Eating Disorder Awareness Week 2018
This week is eating disorder awareness week and in the interest of raising awareness, here is the story I published last year about my battle with bulimia nervosa.
According to St Patrick's Mental Health Services "5-10% of young women have some form of eating problems, though 1-3% have an eating disorder." with this statistic in mind; chances are someone in your family or friends will have been affected by it.
So in this light please be aware that it is not a choice, it something that is very complex and needs a lot of support and empathy to overcome.
It was a cold, wet, evening in Spring, through the floods of tears I penned a note to say goodbye and left it for my flatmates who were also my best friends, I took all my belongings with me as I took the bus home. I had a sick spinning feeling in my stomach, my chest felt heavy, suffocating I could barely breathe through this, my mind racing.
I felt like I had the weight of the world on my 18 year old shoulders. I couldn’t see any other way out of this, after 2 years studying film and TV production, I had a law exam the next morning and I knew I would fail, as I had attended perhaps 2 law lectures the entire semester.
With a sense of defeat and a heavy heart I left Dublin and essentially ghosted my wonderful friends. What I didn’t know at the time and most certainly what no one else knew at the time is that I was suffering from anxiety.
I had suffered with panic attacks as a child, I couldn’t breathe amidst an attack and due to a lack of understanding of anxiety it was misdiagnosed as asthma.
Anxiety had taken control of my life leading me to miss lectures, to beat myself up excessively when I failed or even at the thought of failure. There was no logic in what I did but then anxiety doesn’t do logic! I had received A grades in first year but my grades had declined as the anxiety increased, as I partied harder, realistically I may have failed law but I could have repeated it in the autumn.
I threw away 2 years of college on a course that I loved right there. I didn’t tell anyone in my family what I had done. I just told them I was finished college for the summer. Keeping this secret increased my anxiety, added to my feelings of low self worth and failure and contributed to something which I had also kept a secret for years, my bulimia.

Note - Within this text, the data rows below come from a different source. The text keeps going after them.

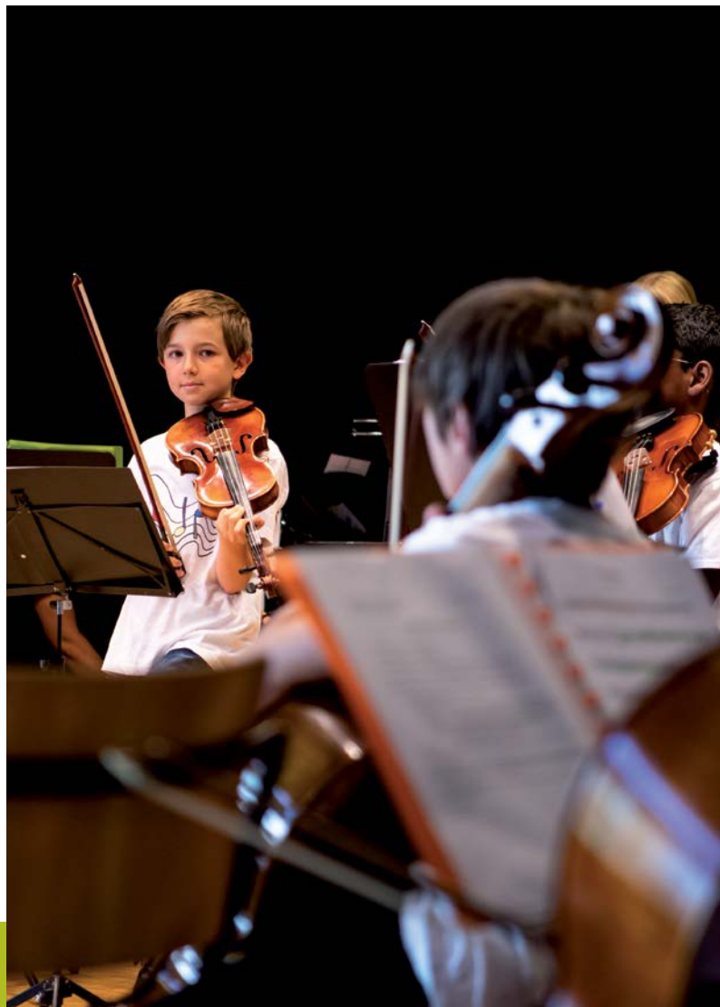
Petite bande des Konservatoriums Freiburg – Petite bande du Conservatoire de Fribourg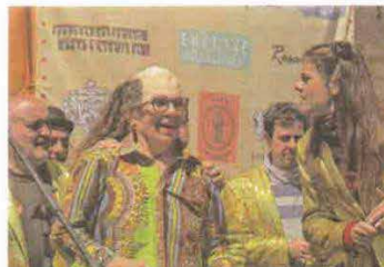
Quedada de imitadores de Chiquito de la Calzada.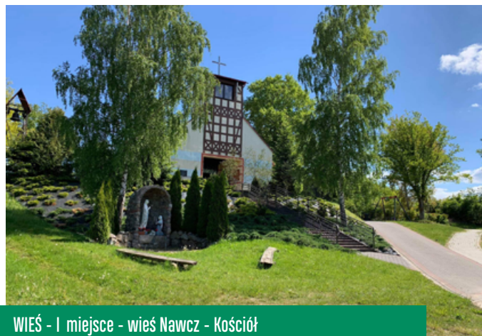
WIEŚ - I miejsce - wieś Nawcz - Kościół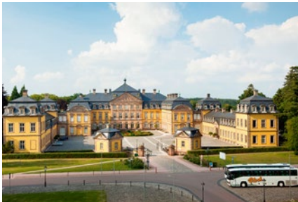
Das im Barockstil gebaute Residenzschloss Arolsen

Die documenta-Stadt Kassel ist das perfekte Reiseziel für alle, die sich Kunst und Kultur verschrieben haben. Im der prämierten GRIMMWELT wird Leben und Werk der Brüder Grimm auf interaktive und moderne Weise erlebbar gemacht. Nicht weit entfernt liegt die barocke Karlsaue mit ihren Teichen, Skulpturen und breiten Alleen. Führungen durch die historische Parkanlage bieten Einblick in das höfische Leben früherer Zeiten. Weiteres Highlight sind die berühmten Wasserspiele im Bergpark Wilhelmshöhe, der zum UNESCO-Welterbe gehört. Von Mai bis Oktober ist an jedem Mittwoch, Sonntag und an hessischen Feiertagen zu erleben, wie sich das Wasser seinen Weg über spektakuläre Kaskaden, Fontänen und Aquädukte hinab ins Tal bahnt. Wer Kassel im Dezember besucht, kommt in den Genuss des einzigartigen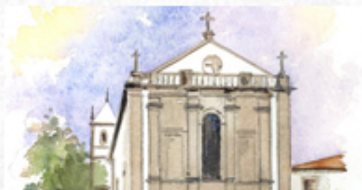
03 a 29 EXPOSIÇÃO "CADERNOS DO MOSTEIRO"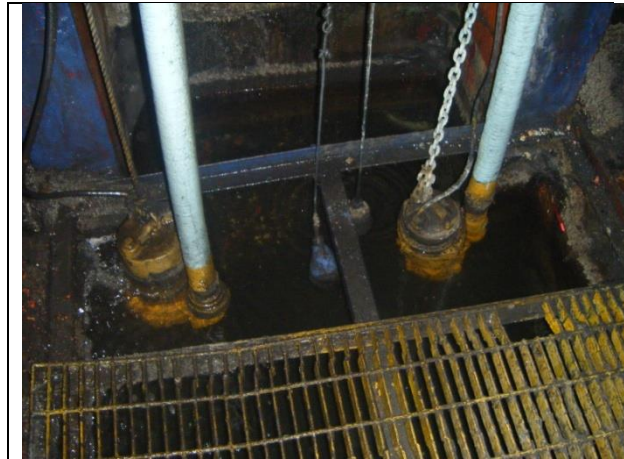
Sustitución de: mangueras; soportes para tuberías de descarga y arreglo hidráulico; marcos y rejilla irving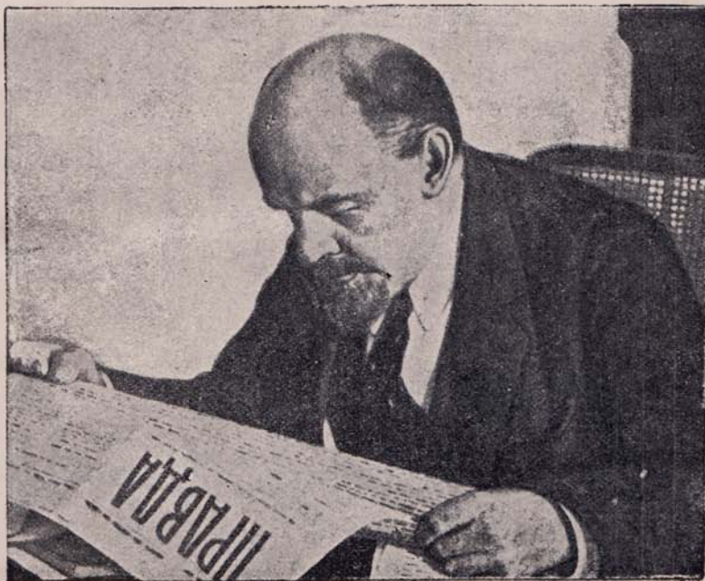
ВЛАДИМИР ИЛЬИЧ УЛЬЯНОВ - ЛЕНИН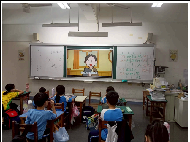
2年級觀賞影片情形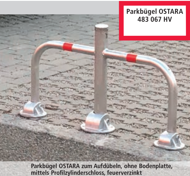
Parkbügel OSTARA 483 067 HV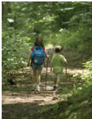
Eine lebenswerte Zukunft braucht effektiven Klimaschutz.

Eine lebenswerte Zukunft braucht effektiven Klimaschutz. Das gilt auch im Blick auf ökologische Nachhaltigkeit. Mit dem Klimabildungsprojekt „Wir und der Wald“ werden Schüler/-innen durch einen spielerischen, praxisorientierten Umgang mit dem Wald, dessen Wert für unser Leben verdeutlicht und anhand alltagstauglicher Beispiele aktiver Klimaschutz sowie die Notwendigkeit zum gemeinsamen Handeln nähergebracht. In vier aufeinanderfolgenden Schulstunden beschäftigen sie sich mit spannenden Fragestellungen rund um den Wald. Begleitet werden sie dabei von lokal ansässigen, unabhängigen und durch die Schutzgemeinschaft Deutscher Wald e. V. (SDW) geschulten Waldpädagoginnen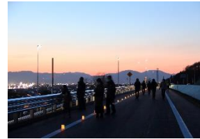
写真-29 本線上の散策

2021(令和3)年3月に開通した函館新外環状道路の開通記念プレイベントとして、「新外環を歩こう! ナイトウォーク in 函館新外環状道路」を3月12日に開催した。コロナ対策をしながら、函館の夜景とともに開通直前の道路本線上を歩く貴重な体験は、家族連れなど50組140名の一般参加者に大変好評だった。(写真-29,30)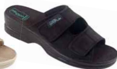
4 art. 26185 CZ/CZ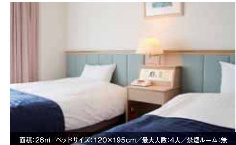
面積: 26㎡/ベッドサイズ: 120×195cm/最大人数: 4人/禁煙ルーム: 無 ツインルーム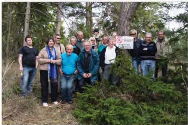
Endelig adgang til Tofta Skjutfält – alle slap dog levende fra mødet med skydebanen.

2.5. Nedpakning, rengøring og sejlads i magsvejr til fastlandet fik vi overstået først på dagen, og så hed næste stop Ignaberga Kalkbrud, som ikke længere er noget stort sted. På en hurtig rundtur fangede vi dog en håndfuld belemnitter og lidt muslinger. Nok til at holde de værste fossilabstinenser nede på resten af hjemturen.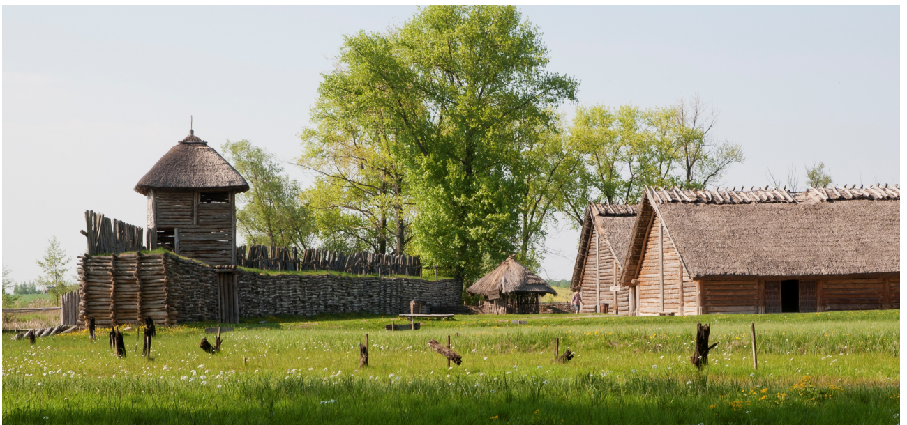
Pav. 4. Biskupine aptiktų pastatų rekonstrukcija. Biskupyno archeologijos muziejus. ( https://upload.wikimedia.org/wikipedia/commons/1/16/Biskupin.jpg )

Ankstyvųjų piliakalnių žemutiniuose sluoksniuose aptikta kuklių užstatymų liekanų – tvorų (Narkūnai, Nevieriškė), vartų (Sokiškiai, žr. 2 pav.) stulpaviečių įgilintų į nejudintą gruntą (žr. 3 pav.). Remiantis tokiomis pastatų liekanomis sunku spręsti apie ankstyviausius pastatus, tačiau rekonstruojamų pastatų ribų, stulpų dydis ir išdėstymas kelių metrų atstumu vienas nuo kito suponuoja, kad ankstyviausi pastatai piliakalniuose galėjo būti statomi panašia technologija, kaip ir vienlaikėje įtvirtintoje Biskupyno (Lenkija) gyvenvietėje (4 pav.), nes būtent tokios konstrukcijos (5 pav.) pastatai palieka panašias aptinkamų stulpaviečių liekanas.

For years after I battled with anxiety not even knowing that was what was I was dealing with, a prisoner of my thoughts of the vicious cycle that comes with anxiety and bulimia, so nicely intertwined, one feeding the other (excuse the pun). For the more anxious I was the more my bulimia flared, the more the feelings of shame and low self worth fuelled my anxiety.
After that summer, I went back to do two FETAC courses and received the student of the year award but such was the stubborn and ingrained nature of my negative beliefs I still carried failure, shame, anxiety and bulimia with me. I enrolled in a business studies degree, done a month and decide it wasn’t for me. Again I viewed this as a failure as opposed to it just not being for me.
I always studied hard in school, to get the place in college and getting a good education was something that was important to me but at that point in time it seemed completely unattainable, my mind was my worst enemy at the time but it could have been my greatest asset.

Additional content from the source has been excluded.